§ **WORK REQUIRED**: Which of the lines below hold the word "College"? Pull each of them out.

§ **EXTRACTED RECORDS**:
....................

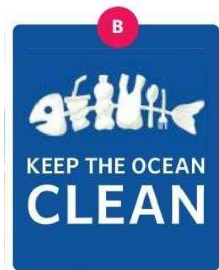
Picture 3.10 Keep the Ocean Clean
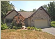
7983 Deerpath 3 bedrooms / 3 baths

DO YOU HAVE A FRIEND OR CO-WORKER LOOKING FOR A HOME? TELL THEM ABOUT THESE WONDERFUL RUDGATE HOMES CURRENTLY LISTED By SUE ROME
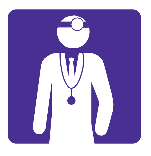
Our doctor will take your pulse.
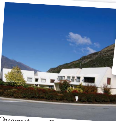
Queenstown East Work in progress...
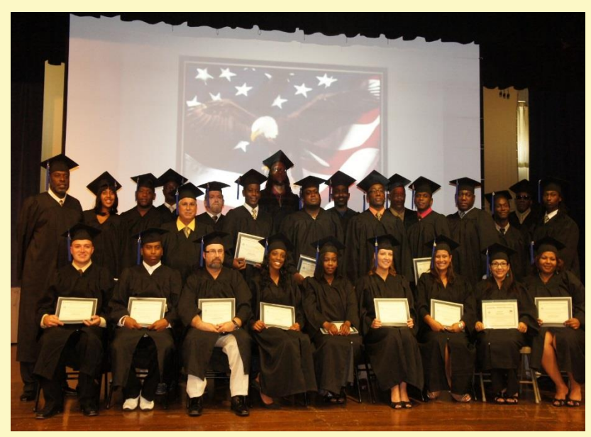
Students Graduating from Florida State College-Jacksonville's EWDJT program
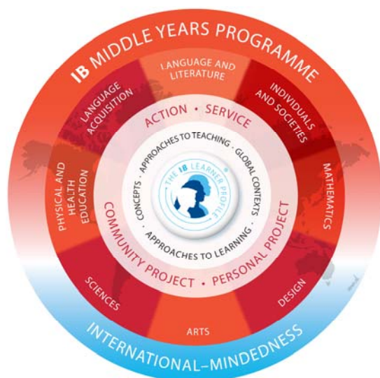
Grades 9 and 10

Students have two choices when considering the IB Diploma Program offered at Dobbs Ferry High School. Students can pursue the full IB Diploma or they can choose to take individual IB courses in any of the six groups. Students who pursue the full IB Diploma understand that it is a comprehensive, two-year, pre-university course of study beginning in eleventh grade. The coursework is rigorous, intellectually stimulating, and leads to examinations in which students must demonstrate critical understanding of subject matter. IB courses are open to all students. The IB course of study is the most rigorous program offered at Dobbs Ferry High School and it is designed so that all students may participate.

....................

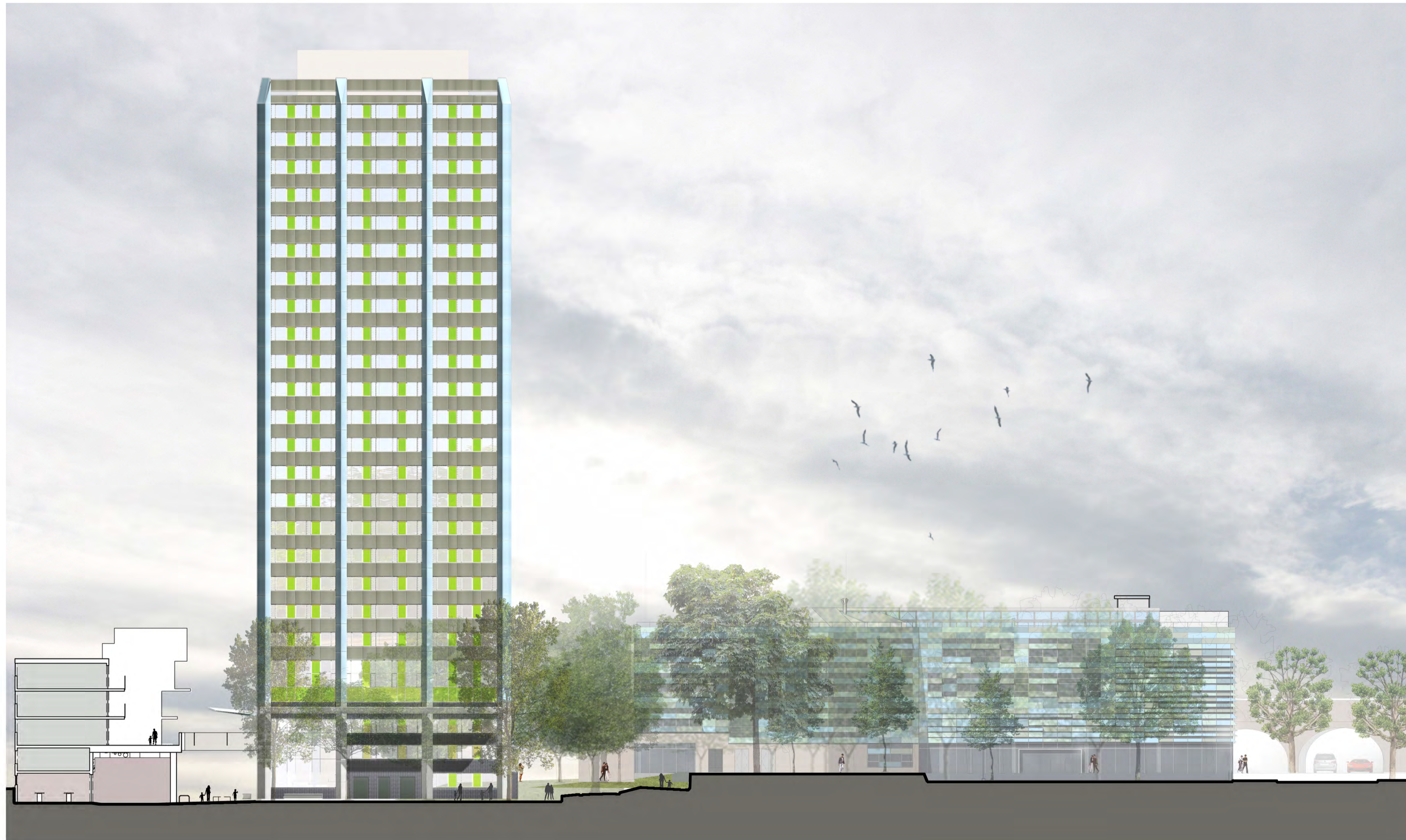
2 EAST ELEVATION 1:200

....................

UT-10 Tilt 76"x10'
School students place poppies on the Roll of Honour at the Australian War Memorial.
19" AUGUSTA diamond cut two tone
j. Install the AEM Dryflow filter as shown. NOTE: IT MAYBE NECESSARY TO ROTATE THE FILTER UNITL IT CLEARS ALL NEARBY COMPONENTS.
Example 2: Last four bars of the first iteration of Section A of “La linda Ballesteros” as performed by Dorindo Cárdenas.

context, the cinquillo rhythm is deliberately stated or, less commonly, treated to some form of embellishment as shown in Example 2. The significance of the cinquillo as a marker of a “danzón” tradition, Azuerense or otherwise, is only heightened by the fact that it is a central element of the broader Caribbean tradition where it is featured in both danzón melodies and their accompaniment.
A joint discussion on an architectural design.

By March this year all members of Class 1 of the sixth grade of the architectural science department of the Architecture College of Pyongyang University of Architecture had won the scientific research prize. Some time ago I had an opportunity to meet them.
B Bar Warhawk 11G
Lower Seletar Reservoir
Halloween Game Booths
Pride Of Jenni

....................

§ **SOLVED EXERCISE**:
Students Graduating from Florida State College-Jacksonville's EWDJT program
By March this year all members of Class 1 of the sixth grade of the architectural science department of the Architecture College of Pyongyang University of Architecture had won the scientific research prize. Some time ago I had an opportunity to meet them.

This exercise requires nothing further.